Bruce picks mostly everything by hand, which is a main tenet of the company’s dedication to wildcrafting and its “goods from the woods” motto. And he finds a wide variety of materials. Living Greens makes up to 14 different varieties of flower jellies, with the disclaimer that “all availability [is] contingent on Mother Nature,” according to the website. Some of the flower varieties include elderflower, dandelion petal, rose petal, sunflower petal, fireweed flower and more. That doesn’t even include the varieties of fruit, herb, evergreen and spice varieties.
Some of their particularly uncommon varieties include crabapple, wild staghorn sumac, red grape jalapeno, prickly pear cactus chili and serviceberry.
Living Greens makes both jams and jellies, and there’s actually a big difference in how they’re made. Jams – think strawberry or raspberry – are made by cooking the fruit with a small amount of water and sugar. The cooked fruit is pureed and then made into a jam. Jellies however, are made by boiling the ingredients in water, and then using the resulting “tea” to make the preserve. In Living Green’s situation, some wildflowers and herbs hold onto their seeds and can mess with the texture of the final product.

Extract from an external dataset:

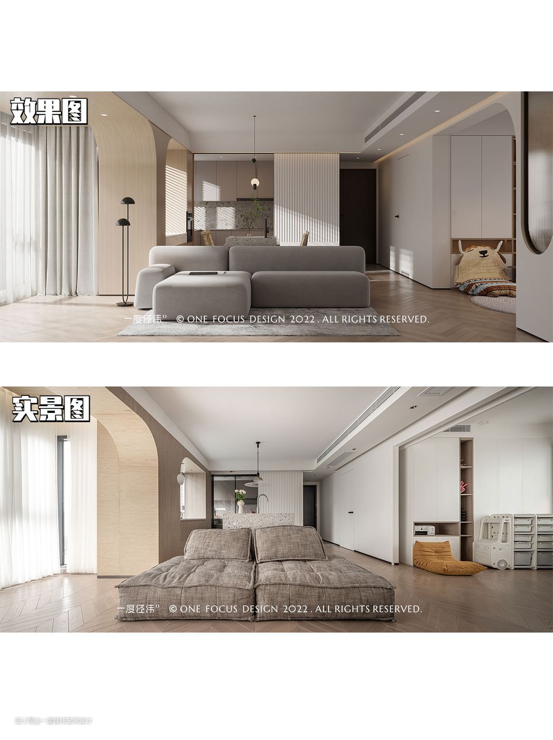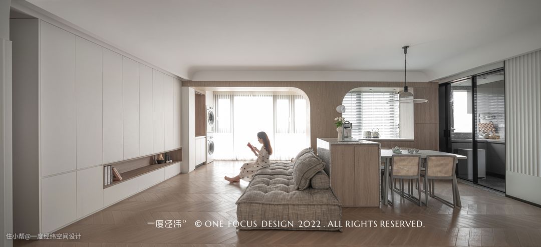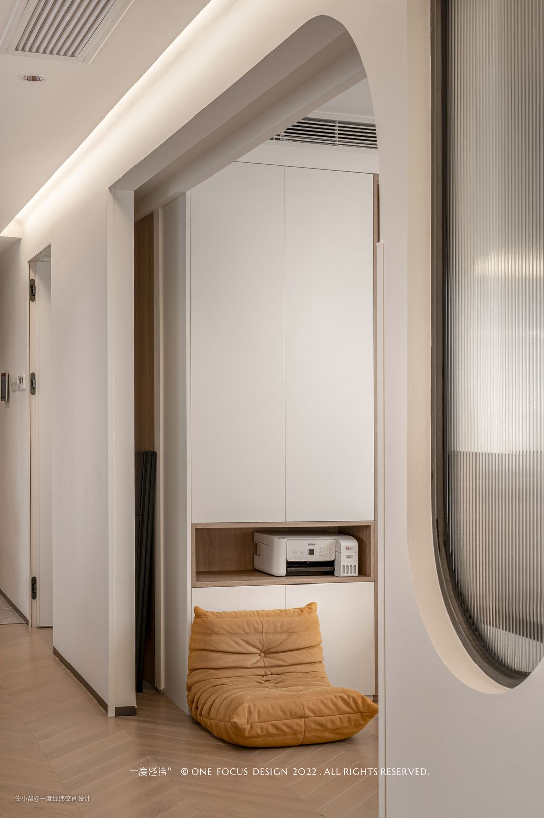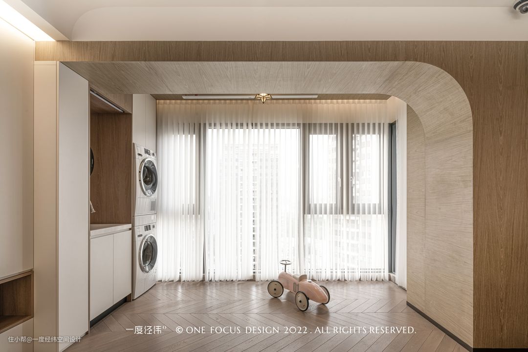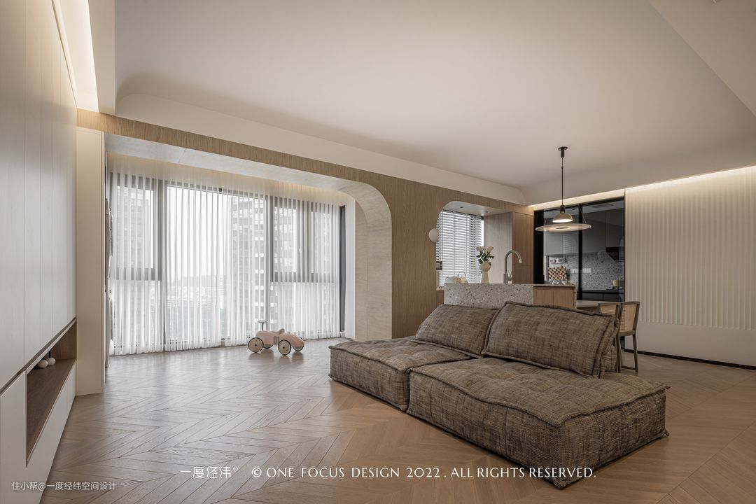 本案是一个二手房改造的项目,整体呈现现代简约风格。因为平时是女主人和孩子居住为主,设计上采用自然色调的木纹和大面积留白处理,做了亲子互动区域与大量的收纳空间。 客餐厅区域在部分墙体和天花的交界处采用了圆弧的形式去连接,呼应天花的圆弧造型。视野通透明亮,开放无拘的格局,摒弃繁杂的装饰,清新明亮。

Historians have had a hard time pinpointing the exact origins of jam, but some of the earliest recorded recipes date back to the Ancient Romans, who improved on the Ancient Grecian method of preserving quince in honey by cooking the two ingredients together before storing. Early Middle Eastern cultures have also been credited with creating the earliest jams. Jellies didn’t come along until later, because it requires gelatin to set, and powdered gelatin wasn’t available until the 1600s.
Fruit preserve recipes came to the United States with the people who settled here, and the first Concord Grape jelly recipe was perfected in Concord, Massachusetts in 1853. The pioneers and early settlers of the West relied heavily on preserved foods, including jams and jellies.
Living Greens’ products can be used for much more than topping a slice of toast. Wendy recommends her customers try using it as a glaze for pork or chicken. Products can also be added to barbecue sauces, served as an ice cream topping, paired with cheese as an appetizer or snack, and many more options. Many of the wildflower varieties can also act as a vegan honey, and the taste is similar to bee honey.
In addition to the flagship preserves, Living Greens makes drinking vinegars, also called “shrubs.” Made primarily from wild fruit, these fruit-infused and sweetened vinegars date back to the 1700s and have made a comeback recently, most commonly in the form of Apple Cider Vinegar shots. Traditionally, pioneers drank it over ice after a hot work day. In addition to drinking it straight, it also makes a great mixer for cocktails, Wendy said.
“They’d be very happy to have fruit, and if it’s going bad then they’d pickle it. Then they’d flavor their water with it and then, ‘oh, this tastes pretty good with gin,’” she said.